Counting the Cost
- Author: Jill Duggar Dillard
- Language: English
- Publisher: Gallery Books
- Publication date: September 12, 2023
- Publication place: New York
- Media type: Print, ebook, audio
- ISBN: 9781668024447 (First edition hardcover)

= Counting the Cost (memoir) =

2023 book about Jill Duggar

Counting the Cost is a 2023 memoir by Jill Duggar Dillard, which was also written with Derick Dillard and Craig Borlase. The book describes Jill's childhood and her experiences as a wife, mother, and missionary. She also describes growing apart from her parents and letting them have less control over her life.

== Summary ==
Jill describes her childhood growing up in a family affiliated with the Institute in Basic Life Principles. At first, her family attended a church with more progressive Christians, while still adhering to the strict principles they had been taught. Their attendance at that church ended after the children were shown a Christmas dance. She faced many restrictions growing up due to her family's religious beliefs, such as not being allowed to watch television or dance. She also explains several common Duggar family sayings, such as "Nike," which is a warning that someone dressed immodestly was nearby, "not stirring up contention among the brethren," referring to avoiding conflict or criticism within the family or church community, and "window of opportunity," used to describe a period in which a woman was considered eligible for courtship. The family gained prominence after their father's failed run for Senate and went on to film five documentaries. After those became hits, TLC began filming 17 Kids and Counting. This financial success allowed the family to move into a larger home and no longer struggle with basic expenses such as groceries.

She begins a courtship with Derick, who she is introduced to by her father on a phone call. He is serving a mission trip in Nepal. She meets him for the first time in a trip covered by the TV network. Eventually, they get married, but she should still follow her parents' authority under IBLP beliefs. This causes tension, as Jill realizes she doesn't like her most private moments becoming entertainment and Derick advocates for receiving some amount of financial compensation, while Jim Bob refuses to negotiate. Jill has to push back against network demands, like wanting to film their honeymoon and the birth of their first child. When details of her childhood abuse are released to the media, she experiences a secondary victimization through it becoming a public spectacle. TLC cancels the show and replaces it with Jill and Jessa: Counting On. The couple live in El Salvador as missionaries and they decide not to go to a Houston film shoot promoting the new show, which creates further family tension. Her parents organize a family meeting where they offer to give each of their adult children $80,000, but only if they sign a contract. The couple are skeptical of the contract and decide not to sign it and are later gifted the money instead. They encounter difficulties trying to leave the show, but are ultimately successful.

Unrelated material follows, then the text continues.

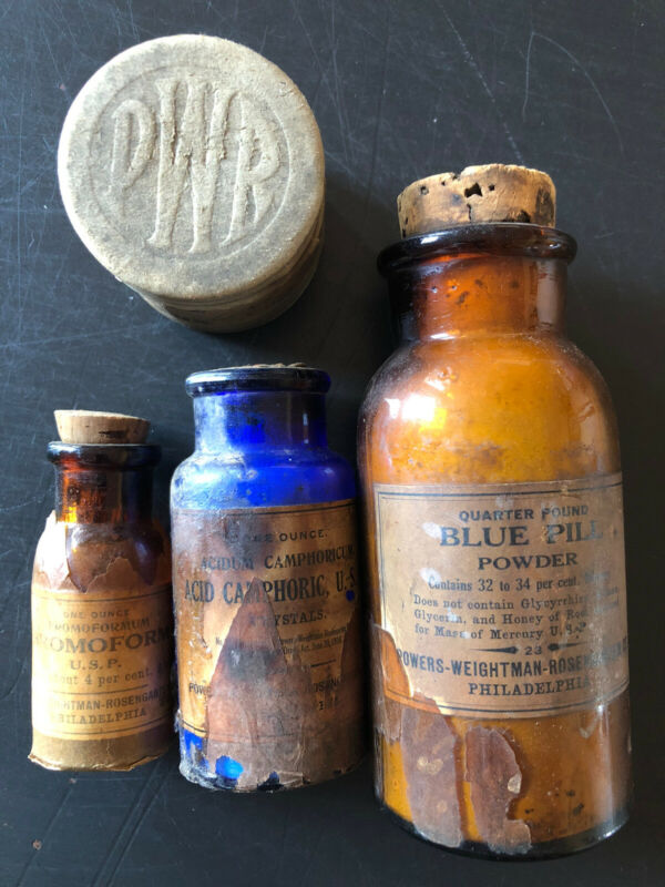 Title (ebay affiliate link): Vintage Powers Weightman Rosengarten Co Pharmacy Lot Amber Cobalt Blue Bottles

Jill experiences a uterine rupture while having her second child. While there were concerns about brain damage to the child as a result of oxygen deprivation, he was cleared as healthy by a neurologist at three months old. Jill struggles with guilt stemming from her childhood beliefs about large families being a blessing from God and uncertainty about whether to have additional children. The couple start attending a more mainstream church. Jill decides that it is okay for her to wear pants, consume alcohol in moderation, and get a nose piercing. Derick starts attending law school. The couple starts attending therapy together and hires a lawyer to advocate on their behalf. Jill finally receives the income that her father claimed she made on her tax returns. After Josh Duggar is investigated (and ultimately convicted) for child pornography, Jill is interviewed by Homeland Security. She is relieved that they have enough evidence to not need her to testify against him. However, her case against In Touch is dismissed shortly afterwards. She also gives birth to a third child through a cesarean section.

== Reception ==
The memoir was reviewed by the Los Angeles Times, which stated that it described "a critical — if also loving — portrait of family patriarch Jim Bob Duggar". An article by People concluded that the memoir dropped many "bombshells" such as Jim Bob misleading his daughter into signing a contract on the day she got married, that she had to wait a month to tell her family about her pregnancy to work around the show's filming schedule, and that she had not initially received compensation for her role on the show. Another reviewer stated that the book was required reading for people who were fans of 19 Kids and Counting.